Broker - Managing Everything

Brokers are responsible to deal with producers, consumers, and topics. The producer and consumer need to address the write and read to a Broker. We have different clients to connect to the broker and Kafka is so amazing that we have what we call Client Bi-Directional Compatibility, it means that an old client version can connect to a newer broker version and vice versa. So, you can keep your client updated to the last version with no worries.

Usually, we have 3 brokers where one will be responsible to receive the write and read and the others will be backup in case of failure. If some broker fails, another broker will assume the leadership making Kafka fault-tolerant.

Based on our restaurant example, the broker represents the restaurant itself. With more restaurants, more guarantee that the client will always ask for delivery even if some restaurant has a disaster, we have another restaurant to receive the request.

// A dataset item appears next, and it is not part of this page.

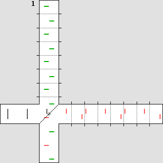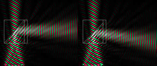 Only one half of the light beam emitted by the source is reflected by means of a beam splitter containing a 45° partially reflecting mirror. Then the beams are reflected on a flat mirror back to the beam splitter, which then reunifies them. Finally, both beams could be compared in a special scope. Michelson was expecting a phase shift. Waves would add themselves constructively or destructively, showing a characteristic interference pattern. The goal was to measure the fringes displacement after a 90° rotation. Such a rotation could be performed easily without any stress because the instrument was mounted on a large stone floating on a mercury pond. The temperature was also severely controlled. The Michelson interferometer animated diagrams. The animations below show what is going on inside the interferometer branches. I had to use a very high speed in order to obtain a clearly visible phase shift: one third of the speed of light. Then beta = .3333 and g = .9428. Such a speed produces a 2 : 1 wavelength ratio R along the displacement axis, according to: R = (1 + beta) / (1 – beta) This ratio indicates that on-axis planes crossing the starting point each minute, one at a time, would be two times nearer while flying against the wind. So one can imagine that each small red or green line shown below represents a plane. The aether wind blows from the right. The diagram on the left displays exactly the same length for both branches. This distance was calculated to obtain a full lambda / 2 phase shift. The wave fronts (or planes) along the motion axis are pictured in red and they are green crosswise. Michelson was expecting the phase shift shown on the left: |

Broker 0 NY ->|--------------------------------------------------------------------------------------------|
              | Producer Chef ->                                                                           |
              |   Topic Delivery -> |--------------------------------------------------------------------| |
              |                     |Partition Window 1: Dessert North (offset 1), Meal North (offset 0) | |
              |                     |Partition Window 2: Meal South (offset 0)                           | |
              |                     |--------------------------------------------------------------------| |
              |                       <- Consumer Waiter                                                   |
              |                                                                                            |
              | Producer Chef ->                                                                           |
              |   Topic Stock -> |--------------------------------------------------------------------|    |
              |                  |Partition Window 1: Dessert North (offset 1), Meal North (offset 0) |    |
              |                  |Partition Window 2: Meal South (offset 0)                           |    |
              |                  |--------------------------------------------------------------------|    |
              |                    <- Consumer Financial                                                   |
              |--------------------------------------------------------------------------------------------|

Broker 0 TX ->|--------------------------------------------------------------------------------------------|
              | Producer Chef ->                                                                           |
              |   Topic Delivery -> |--------------------------------------------------------------------| |
              |                     |Partition Window 1: Dessert North (offset 1), Meal North (offset 0) | |
              |                     |Partition Window 2: Meal South (offset 0)                           | |
              |                     |--------------------------------------------------------------------| |
              |                       <- Consumer Waiter                                                   |
              |                                                                                            |
              | Producer Chef ->                                                                           |
              |   Topic Stock -> |--------------------------------------------------------------------|    |
              |                  |Partition Window 1: Dessert North (offset 1), Meal North (offset 0) |    |
              |                  |Partition Window 2: Meal South (offset 0)                           |    |
              |                  |--------------------------------------------------------------------|    |
              |                    <- Consumer Financial                                                   |
              |--------------------------------------------------------------------------------------------|

Consumer Group - The Same Target

Consumer Group is an abstraction that connects to the Topic. This abstraction makes all consumers from the same group share the partitions. The offsets are saved for each different group, so if you want to replay all messages from some topic, you can manipulate the offset or you can create a new consumer group, with the right configuration, to receive all messages from the beginning.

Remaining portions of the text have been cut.